[[ THE INPUT open ]]

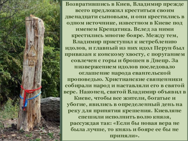 и они крестились в одном источнике, известном в Киеве под именем Крещатика. Вслед за ними крестились многие бояре. Между тем, Владимир приступил к истреблению идолов, и главный из них идол Перун был привязан к конскому хвосту, с поруганием совлечен с горы и брошен в Днепр. За низвержением идолов последовало оглашение народа евангельской проповедью. Христианские священники собирали народ и наставляли его в святой вере. Наконец, святой Владимир объявил в Киеве, чтобы все жители, богатые и убогие, явились в определенный день на реку для принятия крешения. Киевляне спешили исполнить волю князя, рассуждая так: «Если бы новая вера не была лучше, то князь и бояре ее бы не приняли».
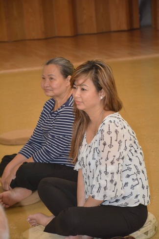 In the morning session, Venerable Thich Chan Tinh guided the mass etiquette for Buddhists, shared his experience on how to sit and recite Amita Buddha’s name.
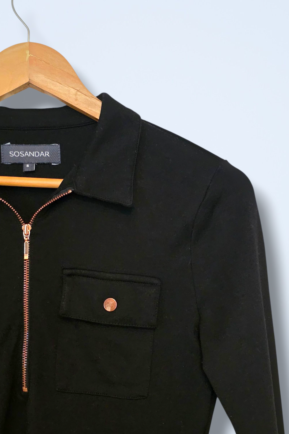 Sosandar Black ¼ Zipped Top Long-sleeved Size 8
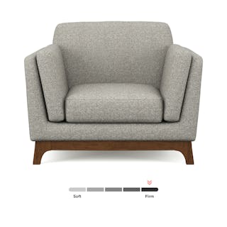 Take a load off. Intentionally designed to sit low to the ground, our Ceni pieces are a contemporary take on a vintage silhouette. Designed with loose cushions, track arm rests, and a solid wood base, the Ceni features a firmly padded back cushion and medium-firm seat composed of sinuous springs and foam for a deep-seated lounge experience. Throw in an oversize-ottoman, and you'll find that everyone has the legroom they need for movie night.
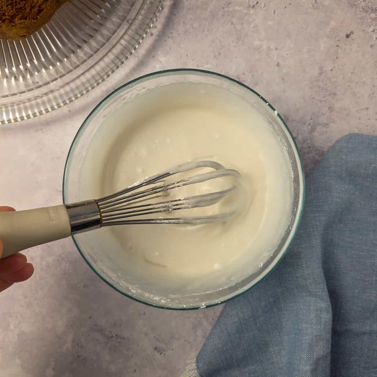 - Allow the cake to cool for 5 minutes then invert it onto a cooling rack. While the cake is cooling whisk together the coconut cream, powdered sugar, and coconut extract. Once the cake has completely cooled, pour over the icing and sprinkle with shredded coconut. Enjoy!
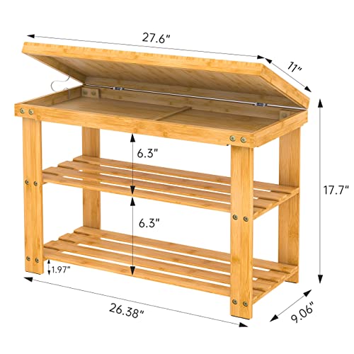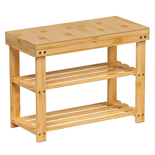 ZHUOYUE - مقعد أحذية بامبو برف تخزين للمدخل من زوويو، منظم مساحة صغيرة للاستخدام الداخلي والخارجي

[[ THE INPUT closed ]]

YOUR TASK:
The data above should be repeated in full and exactly, with no pictures carried over.

ANSWER SPACE:
 и они крестились в одном источнике, известном в Киеве под именем Крещатика. Вслед за ними крестились многие бояре. Между тем, Владимир приступил к истреблению идолов, и главный из них идол Перун был привязан к конскому хвосту, с поруганием совлечен с горы и брошен в Днепр. За низвержением идолов последовало оглашение народа евангельской проповедью. Христианские священники собирали народ и наставляли его в святой вере. Наконец, святой Владимир объявил в Киеве, чтобы все жители, богатые и убогие, явились в определенный день на реку для принятия крешения. Киевляне спешили исполнить волю князя, рассуждая так: «Если бы новая вера не была лучше, то князь и бояре ее бы не приняли».
 In the morning session, Venerable Thich Chan Tinh guided the mass etiquette for Buddhists, shared his experience on how to sit and recite Amita Buddha’s name.
 Sosandar Black ¼ Zipped Top Long-sleeved Size 8
 Take a load off. Intentionally designed to sit low to the ground, our Ceni pieces are a contemporary take on a vintage silhouette. Designed with loose cushions, track arm rests, and a solid wood base, the Ceni features a firmly padded back cushion and medium-firm seat composed of sinuous springs and foam for a deep-seated lounge experience. Throw in an oversize-ottoman, and you'll find that everyone has the legroom they need for movie night.
 - Allow the cake to cool for 5 minutes then invert it onto a cooling rack. While the cake is cooling whisk together the coconut cream, powdered sugar, and coconut extract. Once the cake has completely cooled, pour over the icing and sprinkle with shredded coconut. Enjoy!
 ZHUOYUE - مقعد أحذية بامبو برف تخزين للمدخل من زوويو، منظم مساحة صغيرة للاستخدام الداخلي والخارجي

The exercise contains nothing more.